## KMP substring search

KMP (Knuth-Morris-Pratt) is a substring search algorithm.
It works in linear time.
It preprocesses pattern, so when we mismatch, we can use information of what matched earlier to jump to the next possible positions in the text/pattern.

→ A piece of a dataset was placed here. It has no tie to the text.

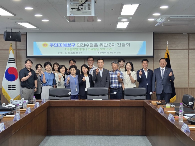 [세종 세계타임즈=이채봉 기자] 세종특별자치시의회(의장 임채성) 교육안전위원회(위원장 윤지성)는 주민조례 제정 청구를 통해 발의된 「세종특별자치시 교육활동 보호 조례」의 의견수렴을 위해 청구인, 관계 기관과의 3자 간담회를 27일 실시했다.

We have a state consisting of
* m: index at text where we started a matfh
* i: index at pattern 
* 
We're building a table T, that tells us to reassign m = m + i - T[i], and making i = T[i]

In [62]:
from dataclasses import dataclass


@dataclass(frozen=True)
class Jump:
    text_delta: int
    pattern_index: int


def kmp_search(text, pattern):
    jumps = build_jumps(pattern)
    print(jumps)
    t = 0
    p = 0
    while t + p < len(text):
        if text[t + p] == pattern[p]:
            p += 1
            if p == len(pattern):
                return t
        else:
            jump = jumps[p]
            p = jump.pattern_index
            t += jump.text_delta
    return -1


def build_jumps(pattern: str) -> list[Jump]:
    if not pattern:
        return []

    jumps = [None] * len(pattern)
    jumps[0] = Jump(text_delta=1, pattern_index=0)
    for i in range(1, len(pattern)):
        prev = jumps[i - 1]
        if pattern[i - 1] == pattern[prev.pattern_index]:
            # extending previous
            jumps[i] = Jump(text_delta=prev.text_delta, pattern_index=prev.pattern_index + 1)
        else:
            rec = jumps[prev.pattern_index]
            delta = rec.text_delta + prev.text_delta
            cur = Jump(text_delta=delta, pattern_index=i - delta)
            jumps[i] = cur

    return jumps

In [63]:
assert kmp_search("abc", "bc") == 1
assert kmp_search("bc", "bc") == 0
assert kmp_search("abcd", "bc") == 1
assert kmp_search("abcd", "bk") == -1
assert kmp_search("abababc", "abc") == 4
assert kmp_search("ababababc", "ababc") == 4

[Jump(text_delta=1, pattern_index=0), Jump(text_delta=1, pattern_index=0)]
[Jump(text_delta=1, pattern_index=0), Jump(text_delta=1, pattern_index=0)]
[Jump(text_delta=1, pattern_index=0), Jump(text_delta=1, pattern_index=0)]
[Jump(text_delta=1, pattern_index=0), Jump(text_delta=1, pattern_index=0)]
[Jump(text_delta=1, pattern_index=0), Jump(text_delta=1, pattern_index=0), Jump(text_delta=2, pattern_index=0)]
[Jump(text_delta=1, pattern_index=0), Jump(text_delta=1, pattern_index=0), Jump(text_delta=2, pattern_index=0), Jump(text_delta=3, pattern_index=0), Jump(text_delta=4, pattern_index=0)]